## Task goal:
All pictures are to be dropped, and the remaining data set down exactly.

::::::

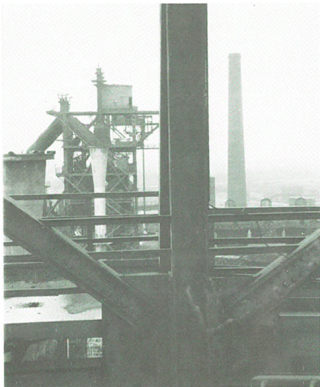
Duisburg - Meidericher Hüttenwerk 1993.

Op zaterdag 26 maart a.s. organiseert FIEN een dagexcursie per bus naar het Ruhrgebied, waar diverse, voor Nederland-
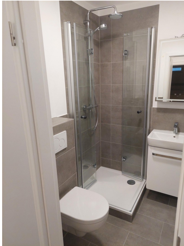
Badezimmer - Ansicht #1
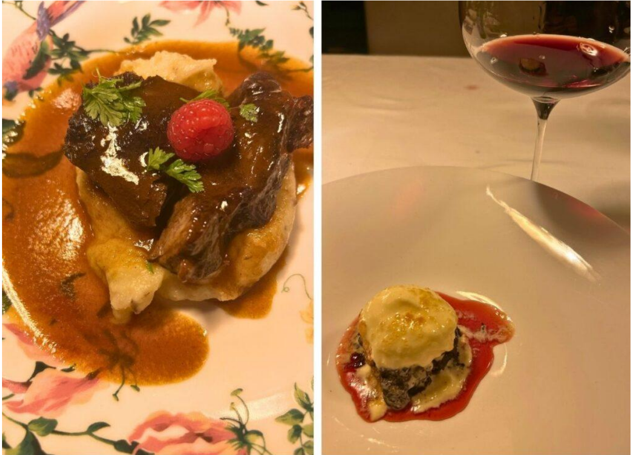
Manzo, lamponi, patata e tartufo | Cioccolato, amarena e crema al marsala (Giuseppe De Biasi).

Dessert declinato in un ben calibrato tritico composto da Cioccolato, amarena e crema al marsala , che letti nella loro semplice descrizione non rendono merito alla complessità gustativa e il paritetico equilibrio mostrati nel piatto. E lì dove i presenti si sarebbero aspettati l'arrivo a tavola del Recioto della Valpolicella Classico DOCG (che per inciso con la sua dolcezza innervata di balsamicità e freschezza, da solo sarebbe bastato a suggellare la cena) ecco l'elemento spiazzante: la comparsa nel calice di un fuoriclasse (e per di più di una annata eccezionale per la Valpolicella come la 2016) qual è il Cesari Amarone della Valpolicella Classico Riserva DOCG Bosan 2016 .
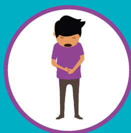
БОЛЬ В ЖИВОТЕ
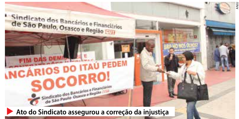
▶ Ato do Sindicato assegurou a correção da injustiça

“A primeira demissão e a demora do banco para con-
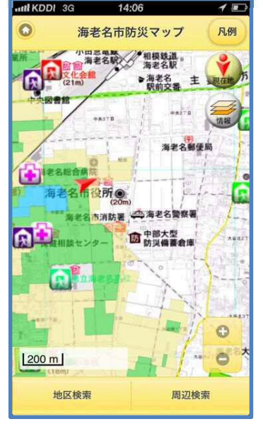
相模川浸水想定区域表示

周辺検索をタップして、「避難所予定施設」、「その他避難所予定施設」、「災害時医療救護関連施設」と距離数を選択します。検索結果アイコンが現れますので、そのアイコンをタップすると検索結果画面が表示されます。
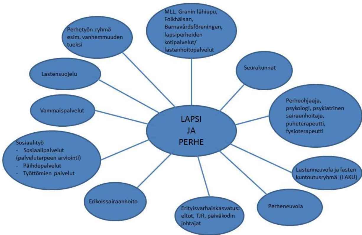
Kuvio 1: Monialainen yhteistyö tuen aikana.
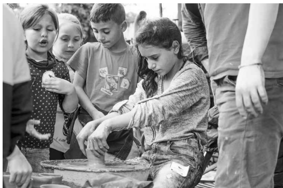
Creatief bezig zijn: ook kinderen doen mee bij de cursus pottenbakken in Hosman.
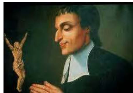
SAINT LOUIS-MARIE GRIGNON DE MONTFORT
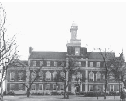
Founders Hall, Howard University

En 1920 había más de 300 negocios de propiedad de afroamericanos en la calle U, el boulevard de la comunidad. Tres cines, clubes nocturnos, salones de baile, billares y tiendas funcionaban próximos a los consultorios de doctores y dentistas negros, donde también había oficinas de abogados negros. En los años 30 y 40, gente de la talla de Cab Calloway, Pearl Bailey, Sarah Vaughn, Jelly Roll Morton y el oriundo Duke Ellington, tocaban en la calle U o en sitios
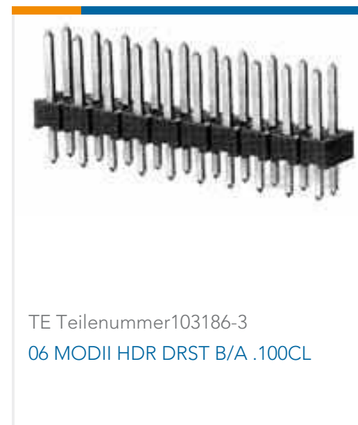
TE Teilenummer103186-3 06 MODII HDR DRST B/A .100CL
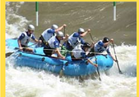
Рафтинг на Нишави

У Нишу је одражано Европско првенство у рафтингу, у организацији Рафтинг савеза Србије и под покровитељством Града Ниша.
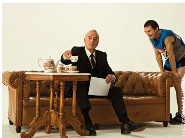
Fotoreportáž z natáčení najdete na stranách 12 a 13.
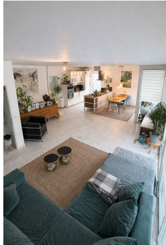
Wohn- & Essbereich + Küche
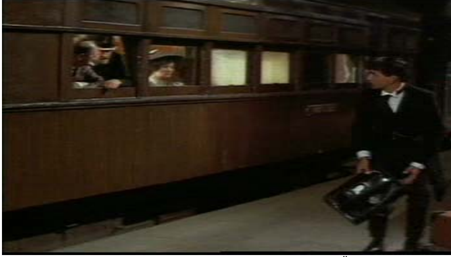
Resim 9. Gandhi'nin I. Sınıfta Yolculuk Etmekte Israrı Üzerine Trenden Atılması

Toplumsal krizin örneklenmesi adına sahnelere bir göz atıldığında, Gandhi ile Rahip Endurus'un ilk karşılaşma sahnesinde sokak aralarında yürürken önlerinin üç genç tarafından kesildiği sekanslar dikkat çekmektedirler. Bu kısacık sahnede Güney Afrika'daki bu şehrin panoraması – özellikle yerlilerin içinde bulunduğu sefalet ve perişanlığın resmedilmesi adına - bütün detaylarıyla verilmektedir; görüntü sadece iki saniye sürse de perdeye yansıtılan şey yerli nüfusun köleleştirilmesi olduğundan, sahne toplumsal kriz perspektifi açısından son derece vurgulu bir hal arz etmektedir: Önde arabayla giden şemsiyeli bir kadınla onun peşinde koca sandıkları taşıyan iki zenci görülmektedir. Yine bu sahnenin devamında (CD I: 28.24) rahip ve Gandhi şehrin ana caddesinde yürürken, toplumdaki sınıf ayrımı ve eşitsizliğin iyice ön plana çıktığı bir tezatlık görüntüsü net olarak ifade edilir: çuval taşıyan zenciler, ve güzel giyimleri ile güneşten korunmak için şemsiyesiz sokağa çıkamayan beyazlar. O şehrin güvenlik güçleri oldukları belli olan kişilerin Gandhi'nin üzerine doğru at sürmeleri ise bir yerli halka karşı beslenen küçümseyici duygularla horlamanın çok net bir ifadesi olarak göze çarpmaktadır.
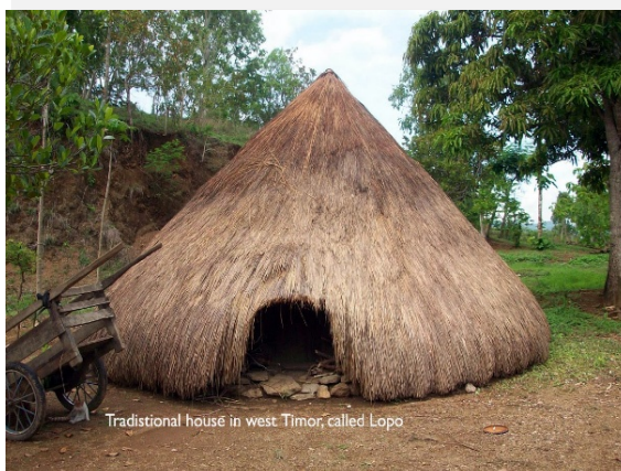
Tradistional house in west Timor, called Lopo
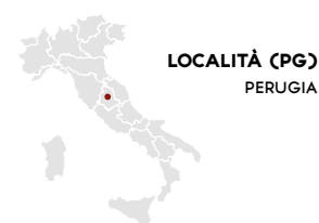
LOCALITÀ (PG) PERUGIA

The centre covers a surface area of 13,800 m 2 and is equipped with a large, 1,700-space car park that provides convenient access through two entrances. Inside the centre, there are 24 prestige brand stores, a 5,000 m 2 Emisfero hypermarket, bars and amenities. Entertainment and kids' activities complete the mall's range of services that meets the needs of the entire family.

::::::

## Exercise output:
Duisburg - Meidericher Hüttenwerk 1993.

Op zaterdag 26 maart a.s. organiseert FIEN een dagexcursie per bus naar het Ruhrgebied, waar diverse, voor Nederland-
Badezimmer - Ansicht #1
Manzo, lamponi, patata e tartufo | Cioccolato, amarena e crema al marsala (Giuseppe De Biasi).

Dessert declinato in un ben calibrato tritico composto da Cioccolato, amarena e crema al marsala , che letti nella loro semplice descrizione non rendono merito alla complessità gustativa e il paritetico equilibrio mostrati nel piatto. E lì dove i presenti si sarebbero aspettati l'arrivo a tavola del Recioto della Valpolicella Classico DOCG (che per inciso con la sua dolcezza innervata di balsamicità e freschezza, da solo sarebbe bastato a suggellare la cena) ecco l'elemento spiazzante: la comparsa nel calice di un fuoriclasse (e per di più di una annata eccezionale per la Valpolicella come la 2016) qual è il Cesari Amarone della Valpolicella Classico Riserva DOCG Bosan 2016 .
БОЛЬ В ЖИВОТЕ
▶ Ato do Sindicato assegurou a correção da injustiça

“A primeira demissão e a demora do banco para con-
相模川浸水想定区域表示

周辺検索をタップして、「避難所予定施設」、「その他避難所予定施設」、「災害時医療救護関連施設」と距離数を選択します。検索結果アイコンが現れますので、そのアイコンをタップすると検索結果画面が表示されます。
Kuvio 1: Monialainen yhteistyö tuen aikana.
Creatief bezig zijn: ook kinderen doen mee bij de cursus pottenbakken in Hosman.
SAINT LOUIS-MARIE GRIGNON DE MONTFORT
Founders Hall, Howard University

En 1920 había más de 300 negocios de propiedad de afroamericanos en la calle U, el boulevard de la comunidad. Tres cines, clubes nocturnos, salones de baile, billares y tiendas funcionaban próximos a los consultorios de doctores y dentistas negros, donde también había oficinas de abogados negros. En los años 30 y 40, gente de la talla de Cab Calloway, Pearl Bailey, Sarah Vaughn, Jelly Roll Morton y el oriundo Duke Ellington, tocaban en la calle U o en sitios
TE Teilenummer103186-3 06 MODII HDR DRST B/A .100CL
Рафтинг на Нишави

У Нишу је одражано Европско првенство у рафтингу, у организацији Рафтинг савеза Србије и под покровитељством Града Ниша.
Fotoreportáž z natáčení najdete na stranách 12 a 13.
Wohn- & Essbereich + Küche
Resim 9. Gandhi'nin I. Sınıfta Yolculuk Etmekte Israrı Üzerine Trenden Atılması

Toplumsal krizin örneklenmesi adına sahnelere bir göz atıldığında, Gandhi ile Rahip Endurus'un ilk karşılaşma sahnesinde sokak aralarında yürürken önlerinin üç genç tarafından kesildiği sekanslar dikkat çekmektedirler. Bu kısacık sahnede Güney Afrika'daki bu şehrin panoraması – özellikle yerlilerin içinde bulunduğu sefalet ve perişanlığın resmedilmesi adına - bütün detaylarıyla verilmektedir; görüntü sadece iki saniye sürse de perdeye yansıtılan şey yerli nüfusun köleleştirilmesi olduğundan, sahne toplumsal kriz perspektifi açısından son derece vurgulu bir hal arz etmektedir: Önde arabayla giden şemsiyeli bir kadınla onun peşinde koca sandıkları taşıyan iki zenci görülmektedir. Yine bu sahnenin devamında (CD I: 28.24) rahip ve Gandhi şehrin ana caddesinde yürürken, toplumdaki sınıf ayrımı ve eşitsizliğin iyice ön plana çıktığı bir tezatlık görüntüsü net olarak ifade edilir: çuval taşıyan zenciler, ve güzel giyimleri ile güneşten korunmak için şemsiyesiz sokağa çıkamayan beyazlar. O şehrin güvenlik güçleri oldukları belli olan kişilerin Gandhi'nin üzerine doğru at sürmeleri ise bir yerli halka karşı beslenen küçümseyici duygularla horlamanın çok net bir ifadesi olarak göze çarpmaktadır.
Tradistional house in west Timor, called Lopo
LOCALITÀ (PG) PERUGIA

The centre covers a surface area of 13,800 m 2 and is equipped with a large, 1,700-space car park that provides convenient access through two entrances. Inside the centre, there are 24 prestige brand stores, a 5,000 m 2 Emisfero hypermarket, bars and amenities. Entertainment and kids' activities complete the mall's range of services that meets the needs of the entire family.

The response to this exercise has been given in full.